First Weeks Flow
VIRABHADRASANA I - WARRIOR I POSE
Although it can sometimes feel like one battle after another, mastering this foundational pose offers great rewards. Your thigh muscles get a workout. Your feet and ankles are stretched and strengthened, and your core muscles are toned. Your arms are strengthened as they lift overhead, and your chest will open and expand your lungs, giving a great feeling of vigor. Opening your hips and chest and strengthening both your legs and arms prepare you for all kinds of backbends and inversions.
1. From High Lunge pose with the right knee bent, engage the legs to ground down through the feet, and inhale the hands up to the bent knee. Use the arms to draw the torso back slightly. Make sure the right knee is directly over the right ankle.
2. Bring the hands to the hips and square the hips and the shoulders to the front wall.

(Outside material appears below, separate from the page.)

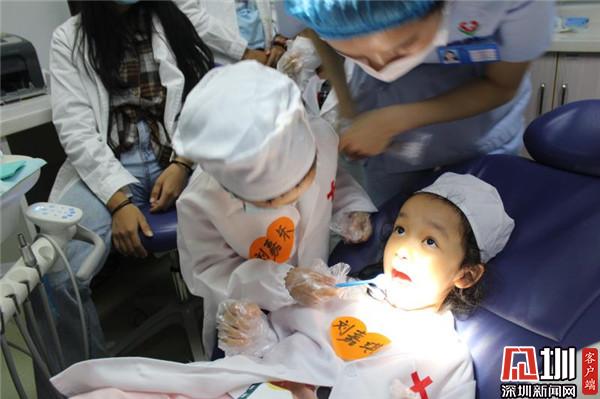 深圳新聞網(wǎng)訊(見圳客戶端、深圳新聞網(wǎng)記者 李慧 通訊員 楊紀(jì)歐)10月25日,羅湖區(qū)桂園街道老圍社區(qū)黨群服務(wù)中心組織社區(qū)青少年到醫(yī)院開展了一場社會實踐體驗活動,13位小朋友身穿白大褂,頭戴醫(yī)生帽,手拿口腔鏡,為“病人”檢查牙齒,當(dāng)了一回牙醫(yī),體驗了當(dāng)醫(yī)生的快樂,同時也感知到愛護牙齒的重要。3歲的劉嘉樂小朋友給姐姐看完牙齒后對媽媽說:“媽媽,姐姐有蛀牙。我以后也要好好刷牙?!?/span>

Relax the shoulders down and draw the shoulderblades towards the spine to open the chest. 3. Inhale the arms over the head in a H position with the palms facing each other, or bring the palms together crossing the thumbs, or interlace the fingers together and point the index finger up. Keep the shoulders relaxed and the chest lifted.
4. To go deeper, bring the palms together and carefully arch back and look up towards the ceiling.
5. Inhale deeply into the belly and chest, exhale press into the feet, fingers and crown, feeling your body expanding out in 5 directions.
6. Keep breathing and hold for 3-6 breaths.
7. To release, exhale and lower the hands down to the floor.
- Strengthens your shoulders, arms, thighs, ankles and the muscles of your back.
- Expands your chest, lungs and shoulders.
- Stretches your hip flexors, abdomen, and ankles.
- Develops stamina and endurance in your thighs and core muscles.
- Stimulates abdominal organs and digestion.
- Improves your balance, concentration, and core awareness.
- Heart problems
- High blood pressure
- Medical conditions that affect balance
- Shoulder Problems (Tendonitis or Bursitis) - As your arms are raised keep your hands open and arms parallel to avoid compression into the shoulder joint.
- Neck Problems - Maintain eyes forward and keep your chin parallel to the ground.
- Beginners may find it difficult to keep the back heel grounded, therefore move your left foot a few inches to the left so your heels are staggered and not aligned.
- If you have difficulty balancing or find the pose to deep, decrease the distance between your feet several inches; ensure that your right knee is still over the heel and not over the toes.
- For a deeper variation, move your left heel back a few more inches and bring your right thigh parallel with the floor; ensure that your right knee is still over the heel and not over the toes, and keep your tailbone reaching lightly under.
- For more challenge, bring the palms together in prayer as the arms are raised; keep your shoulders from rising and continue to hug the shoulder blades into the back; lightly press the pinky region of your palms together moving more energy up the arms and creating a subtle external rotation of the arms.
Recent or chronic injury to the hips, knees, back or shoulders.
Try these tips to optimize your practice of Warrior Pose I:
Troubled Balance: If you feel unbalanced, create a more stable base by placing your front foot a few inches out from your body’s midline.
Back Foot Lifting: Place a wedge under your heel to help you press down or press your heel against a wall; you’ll feel more grounded.
Tender Back Knee: If your back knee feels strained, engage your thigh muscles to lift the knee cap, keeping the back leg fully straightened.
Lower Back Pain: Try this variation: Bend slightly forward from the hips, lengthening your torso on a diagonal. Work your abdominals for support.